From the line that contains "चित्र 2 : पत्थर" down to the final line of the listing below, set down every line exactly, both ends included, and drop the pictures.

> Information shown:
****

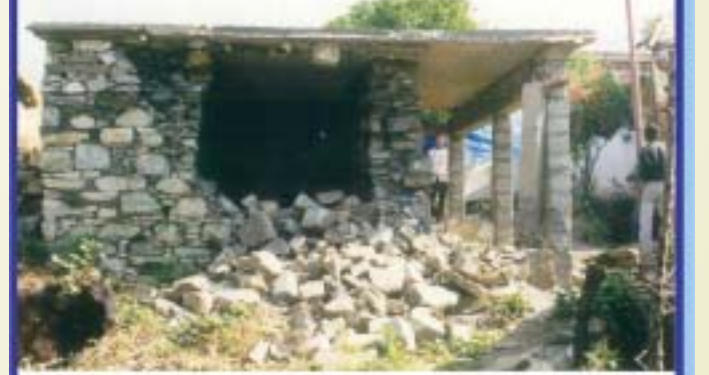
(ख) असंबद्ध बाजू की दीवारों का संधियों पर अलग होना

चित्र 2 : पत्थर निर्मित एक पारंपरिक घर की मुख्य समस्याएं - दीवारों, छत तथा उनके संबंधों में कमियां (भूकंप के विरुद्ध) उनकी विफलता के मुख्य कारण हैं।
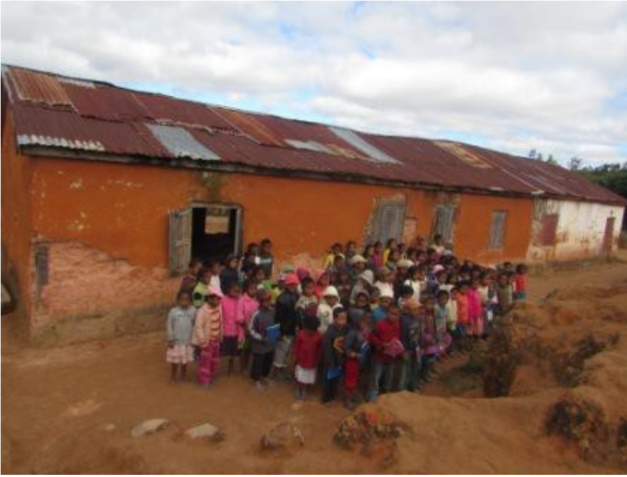
Une salle de classe de l'école primaire d'Andanona, commune de Tsarasaotra.
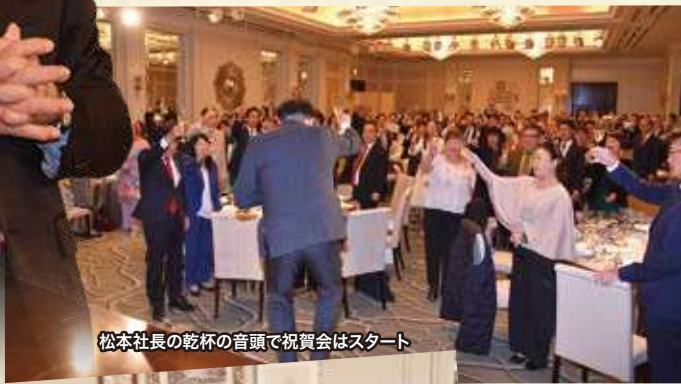
松本社長の乾杯の音頭で祝賀会はスタート

****

> Written answer:
चित्र 2 : पत्थर निर्मित एक पारंपरिक घर की मुख्य समस्याएं - दीवारों, छत तथा उनके संबंधों में कमियां (भूकंप के विरुद्ध) उनकी विफलता के मुख्य कारण हैं।
Une salle de classe de l'école primaire d'Andanona, commune de Tsarasaotra.
松本社長の乾杯の音頭で祝賀会はスタート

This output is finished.